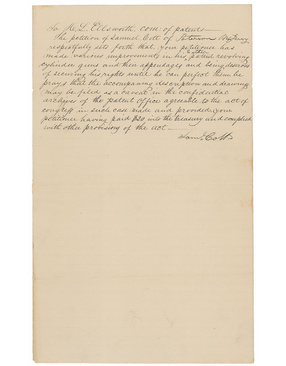 First is a manuscript DS signed “Saml Colt,” one page, 8 x 13, no date. In full: “The petition of Samuel Colt of Paterson New Jersey respectfully sets forth that your petitioner has made various improvements in his & other patent revolving cylinder guns and their appendages, and being desirous of securing his rights until he can perfect them, he prays that the accompanying description and drawing may be filed as a caveat in the confidential archives of the patent office agreeable to the act of congress in such case made and provided your petitioner having paid $20 into the treasury and complied with other provisions of the act.”
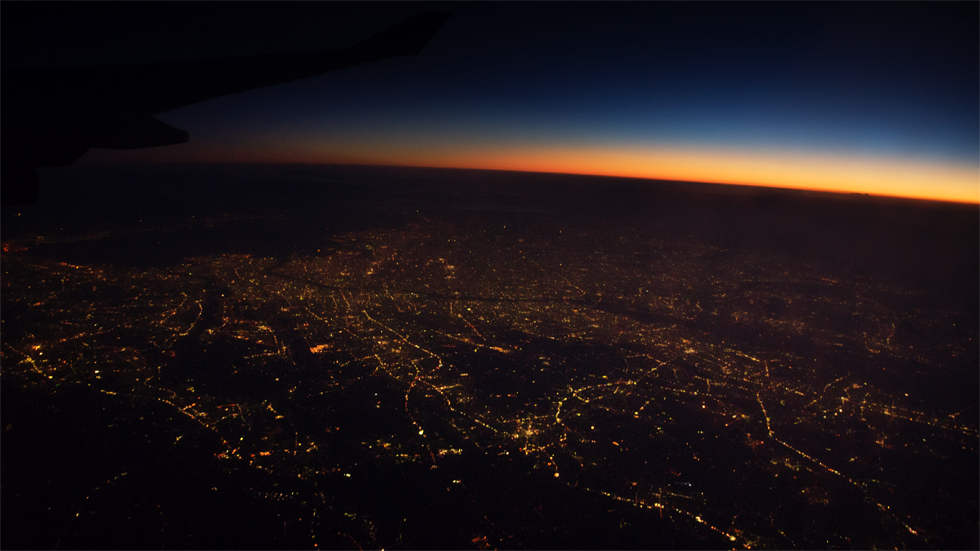 ▲来说说本次旅程的见闻和感悟吧。小编的眼睛从上飞机起就开始不停的转动,生怕错过了每一个旅程的精彩。这不,路过海滨城市的上空着实美呆了——一抹夕阳的余光与地平线上灯火辉煌的城市相互呼应,大片视角有没有!
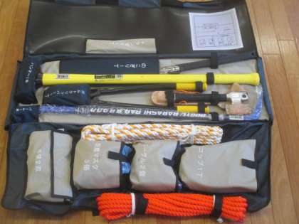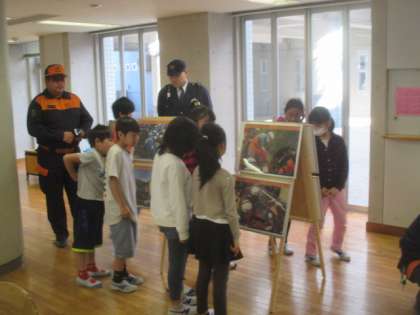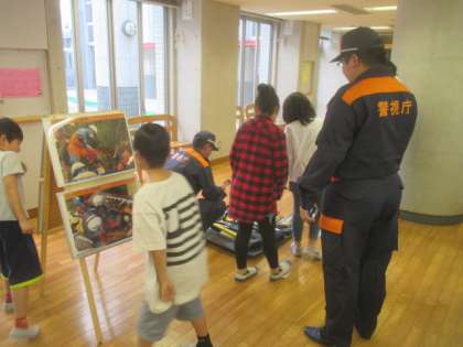 成城警察署の方々からは、熊本大地震の時の様子を紹介するパネルや、災害時に使用する救助用の工具などを持参していただき、子どもたちに紹介してくれました。
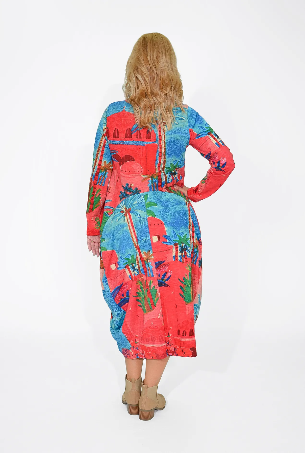 Attention, Ladies! Introducing the Jillian Long Sleeve Bubble Midi Dress in Morocco Red – Your ultimate winter pick-me-up!
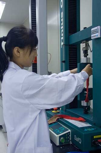 技術(shù)中心設(shè)置了綜合實(shí)驗(yàn)室、化學(xué)實(shí)驗(yàn)室等檢測(cè)實(shí)驗(yàn)室,可進(jìn)行包括甲醛含量、可分解芳香胺、可萃取重金屬、織物阻燃性能、織物外觀測(cè)試、線圈強(qiáng)力及各種牢度等80多個(gè)項(xiàng)目。2009年,技術(shù)中心實(shí)驗(yàn)室通過(guò)了國(guó)際知名企業(yè)—迪卡儂公司的國(guó)際實(shí)驗(yàn)室認(rèn)證,2010年通過(guò)了國(guó)家實(shí)驗(yàn)室認(rèn)證審核。
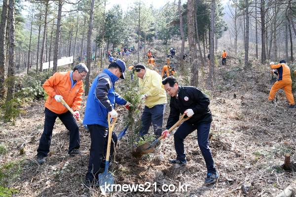 이날 행사에서는 6ha의 면적에 편백, 동백, 산딸 등 6,000본을 식재하고, 나무심기 행사에 참가한 사람들에게 감나무, 매실나무, 철쭉 등 3,000본을 나눠줘 집주변 생활권 자투리 땅에 식재토록 했다.
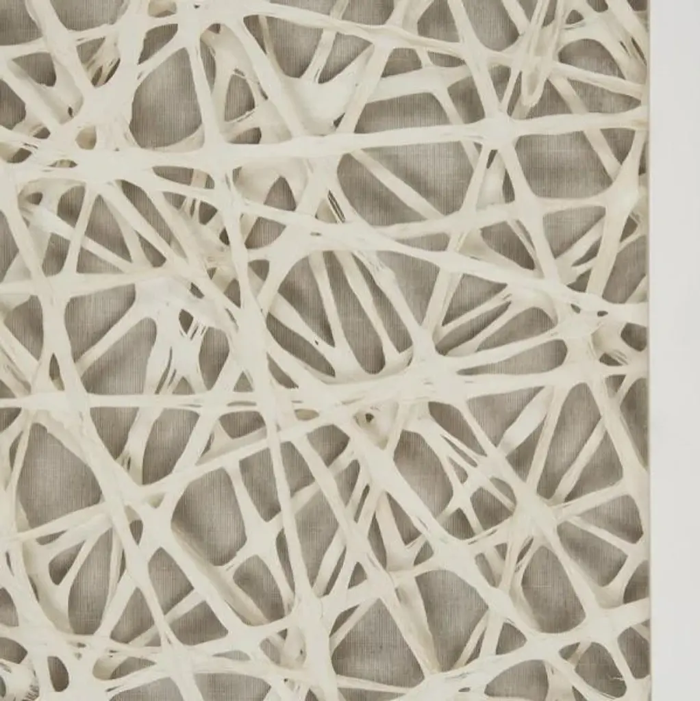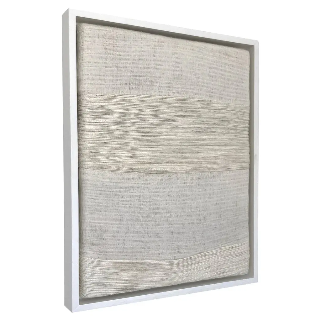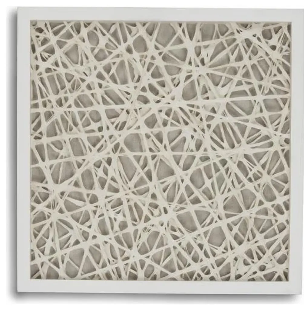 Transform your home with the grace and modernity of this Abstract Paper Framed Art Wall Decor. The serene alabaster color invites a sense of peace and sophistication, making it an ideal choice to elevate your space. Expertly crafted from a deluxe mix of materials"”linen, polished nickel, velvet, glass, and fir"”this piece is designed to offer both style and endurance. The handmade paper art inside provides a unique texture and depth that accentuates its abstract motifs. Perfectly framed with polished nickel, this piece effortlessly blends modern flair with classic charm. Its dimensions of 24 by 24 inches make it versatile enough to fit in various spaces, from your cozy living room to your professional office. Whether placed alone as a focal point or as part of a larger gallery wall, this compelling art piece instills intrigue and creativity into any setting. It"™s not just decor, it"™s a statement"”a reflection of taste and sophistication. - Dimensions: 24H 24W 1.75D - Condition: New - Contemporary design with handmade elements - Sturdy glass and fir construction - Polished nickel framing for modern appeal - Versatile alabaster tones suit any room décor
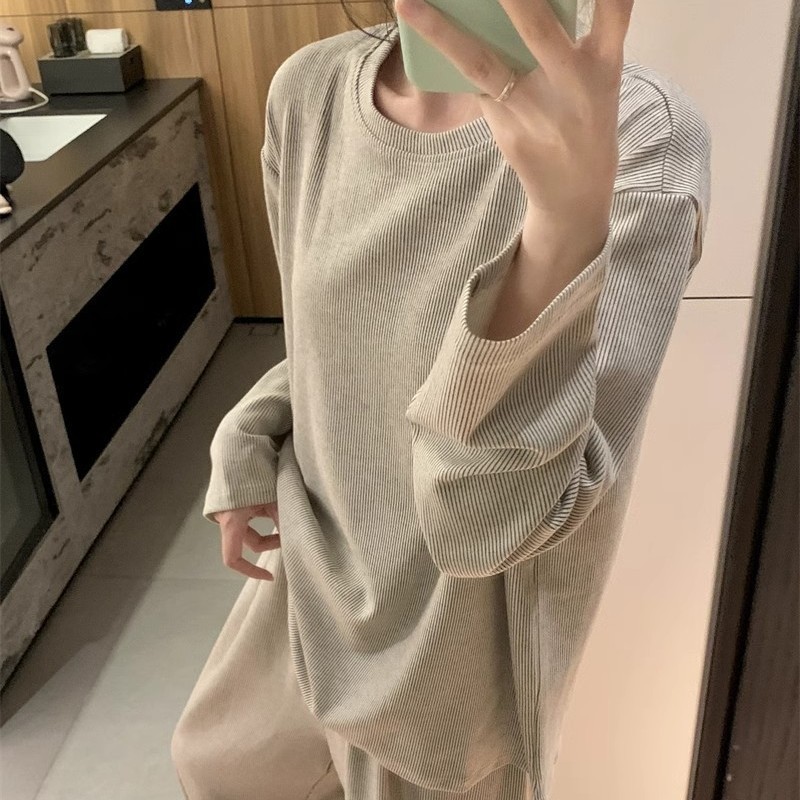 2025年春秋の新型パジャマ女性ネット赤ins風韓国版グレー茶色の縞模様の家庭服セットの外着
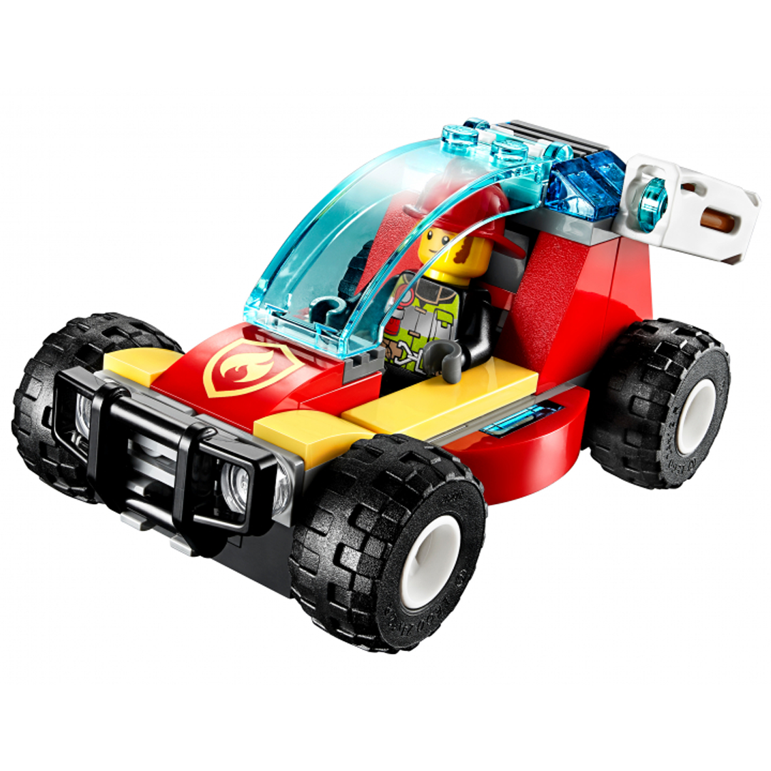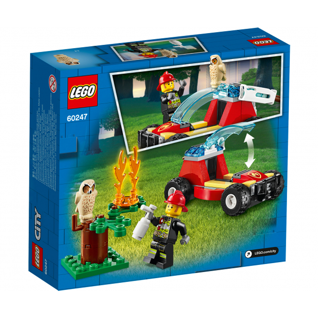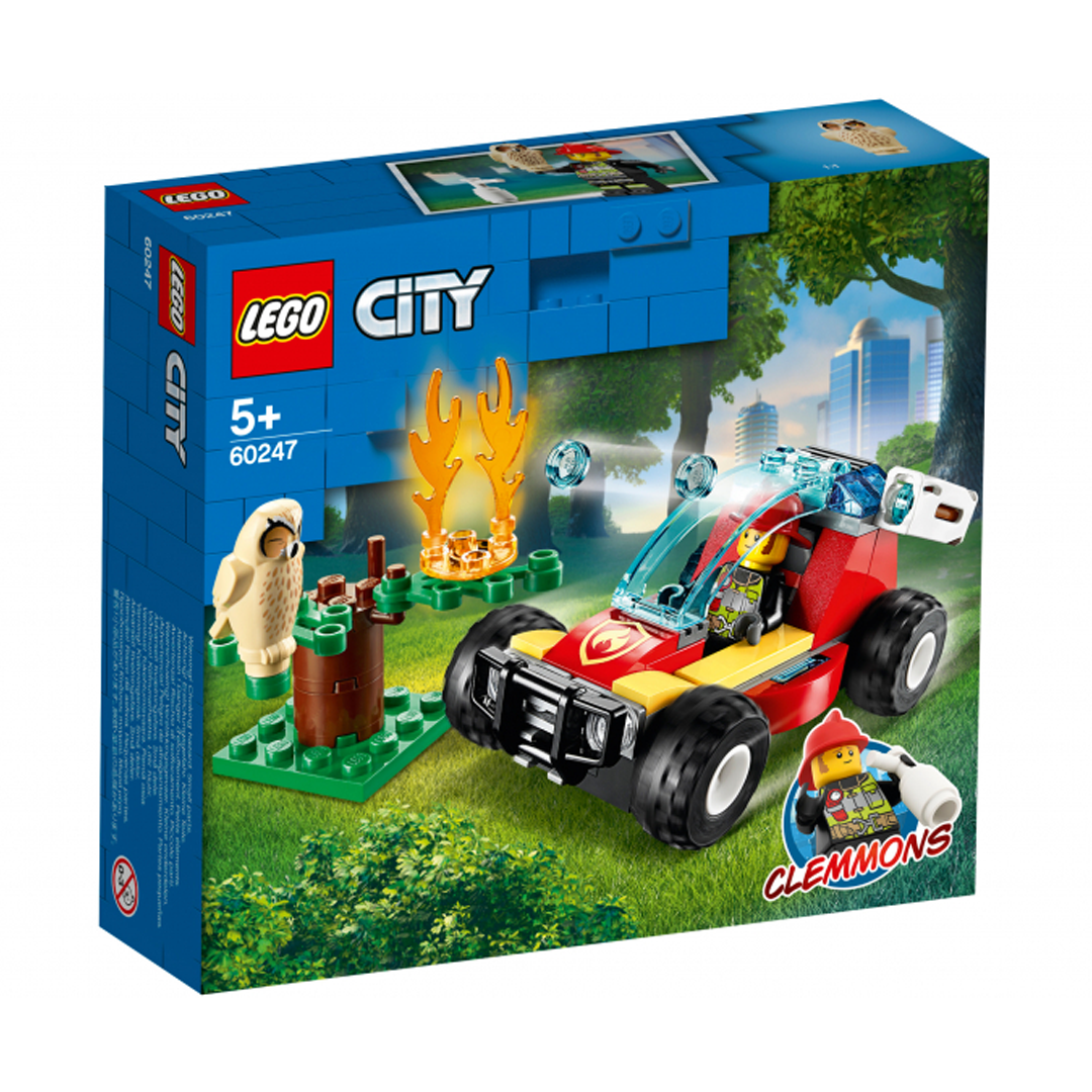 Тривога! Горить ліс! На місце події поспішає пожежна команда LEGO® City. Допоможи герою теленовин Клеммонсу примчатися на місце події за кермом супершвидкісного баггі. Який жах! Тварини в небезпеці! Загаси полум'я потужним водометом і евакуюй сову з верхівки дерева. Уф! Браві пожежники LEGO City зробили ще один героїчний вчинок. Набір складається з 84 деталей, рекомендований дітям від 5 років. Конструктори ЛЕГО розвивають уяву, дрібну моторику, просторове та логічне мислення.

——

PROBLEM REQUIREMENTS | Apart from the images, print all the material above exactly as given.

EXPECTED OUTPUT |
 First is a manuscript DS signed “Saml Colt,” one page, 8 x 13, no date. In full: “The petition of Samuel Colt of Paterson New Jersey respectfully sets forth that your petitioner has made various improvements in his & other patent revolving cylinder guns and their appendages, and being desirous of securing his rights until he can perfect them, he prays that the accompanying description and drawing may be filed as a caveat in the confidential archives of the patent office agreeable to the act of congress in such case made and provided your petitioner having paid $20 into the treasury and complied with other provisions of the act.”
 ▲来说说本次旅程的见闻和感悟吧。小编的眼睛从上飞机起就开始不停的转动,生怕错过了每一个旅程的精彩。这不,路过海滨城市的上空着实美呆了——一抹夕阳的余光与地平线上灯火辉煌的城市相互呼应,大片视角有没有!
 成城警察署の方々からは、熊本大地震の時の様子を紹介するパネルや、災害時に使用する救助用の工具などを持参していただき、子どもたちに紹介してくれました。
 Attention, Ladies! Introducing the Jillian Long Sleeve Bubble Midi Dress in Morocco Red – Your ultimate winter pick-me-up!
 技術(shù)中心設(shè)置了綜合實(shí)驗(yàn)室、化學(xué)實(shí)驗(yàn)室等檢測(cè)實(shí)驗(yàn)室,可進(jìn)行包括甲醛含量、可分解芳香胺、可萃取重金屬、織物阻燃性能、織物外觀測(cè)試、線圈強(qiáng)力及各種牢度等80多個(gè)項(xiàng)目。2009年,技術(shù)中心實(shí)驗(yàn)室通過(guò)了國(guó)際知名企業(yè)—迪卡儂公司的國(guó)際實(shí)驗(yàn)室認(rèn)證,2010年通過(guò)了國(guó)家實(shí)驗(yàn)室認(rèn)證審核。
 이날 행사에서는 6ha의 면적에 편백, 동백, 산딸 등 6,000본을 식재하고, 나무심기 행사에 참가한 사람들에게 감나무, 매실나무, 철쭉 등 3,000본을 나눠줘 집주변 생활권 자투리 땅에 식재토록 했다.
 Transform your home with the grace and modernity of this Abstract Paper Framed Art Wall Decor. The serene alabaster color invites a sense of peace and sophistication, making it an ideal choice to elevate your space. Expertly crafted from a deluxe mix of materials"”linen, polished nickel, velvet, glass, and fir"”this piece is designed to offer both style and endurance. The handmade paper art inside provides a unique texture and depth that accentuates its abstract motifs. Perfectly framed with polished nickel, this piece effortlessly blends modern flair with classic charm. Its dimensions of 24 by 24 inches make it versatile enough to fit in various spaces, from your cozy living room to your professional office. Whether placed alone as a focal point or as part of a larger gallery wall, this compelling art piece instills intrigue and creativity into any setting. It"™s not just decor, it"™s a statement"”a reflection of taste and sophistication. - Dimensions: 24H 24W 1.75D - Condition: New - Contemporary design with handmade elements - Sturdy glass and fir construction - Polished nickel framing for modern appeal - Versatile alabaster tones suit any room décor
 2025年春秋の新型パジャマ女性ネット赤ins風韓国版グレー茶色の縞模様の家庭服セットの外着
 Тривога! Горить ліс! На місце події поспішає пожежна команда LEGO® City. Допоможи герою теленовин Клеммонсу примчатися на місце події за кермом супершвидкісного баггі. Який жах! Тварини в небезпеці! Загаси полум'я потужним водометом і евакуюй сову з верхівки дерева. Уф! Браві пожежники LEGO City зробили ще один героїчний вчинок. Набір складається з 84 деталей, рекомендований дітям від 5 років. Конструктори ЛЕГО розвивають уяву, дрібну моторику, просторове та логічне мислення.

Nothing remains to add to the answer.